From the moment he had entered the apartment Malone had been manipulated. Ordinarily he would have spoken to each person alone, but the old perversity took hold: “No, we’ll take everybody together.” He had to shut his mouth before the runaway tongue added, The more the merrier. Thinking like the fast bowler he had once been, he bowled a bean ball, no fooling around looking for a length: “Did your son mention to you that he was having trouble with anyone, Mr. Sweden?”
Sweden had composed himself, almost as if he were facing a television camera; he was a regular guest on 7.30 Report, where politicians came and went like store dummies, on exhibition but never saying anything. He had been in politics long enough to appreciate that, when faced with the inevitable, you took the shortest course home, even if it was crooked. “No, not at all. He was, I think anyone will tell you, a very popular, hard-working young man.” He appealed to his wife and sisters and the three women nodded like a wordless Greek chorus. Though, of course, these were three girls who had risen out of the chorus. “If my son was murdered, as you seem to suspect, I have no idea who would have done it. None at all.”
“Unless it was someone who broke in?” said Rosalind. “It’s happening all the time these days.”
Malone glanced at Clements. It was an old ploy: keep changing the bowling, keep the batsman off balance. He still thought in cricket terms, though he no longer played the game. Clements said, “There’s no sign of forced entry, Mrs. Sweden.”
“Rob could have opened the door, expecting someone else.”

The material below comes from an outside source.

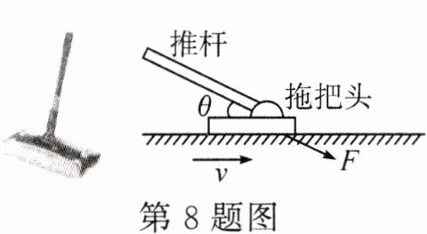 8.如图所示,在拖把的推杆上用力 F 推着拖把头沿水平向右方向拖地,此时拖把头和地面之间产生的是____(填摩擦种类),拖把头受到地面的摩擦力的方向是____(选填“水平向左”或“和力 F 方向相反”)。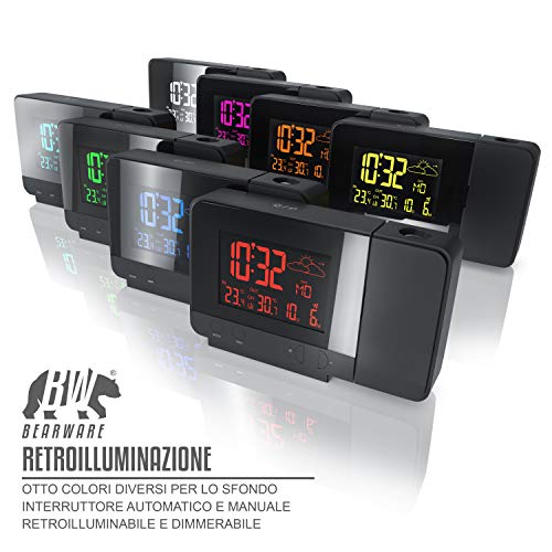 Bearware - Stazione Meteo e sveglia Senza Fili con proiezione a muro e sensore Esterno - Orologio DCF - Presa USB - 2 Allarmi - Display a 8 COLORI - Previsioni meteo - Con batteria anti black out

“They still would’ve had to get in through the security door downstairs. The night doorman doesn’t mention any visitor for your stepson.” Clements looked at the list Kagal had given him. “There was a visitor for you, Mrs. Casement. You live here?”
“We have the penthouse,” said Ophelia Casement, making it sound as if she and her husband lived above the clouds, up where the hoi polloi never reached; Malone saw a slight smile on the face of Juliet, the youngest sister. “We may have had a visitor, I’m not sure. I was out, but my husband was home. People from his office often drop by at odd hours. It’s just across the road there.”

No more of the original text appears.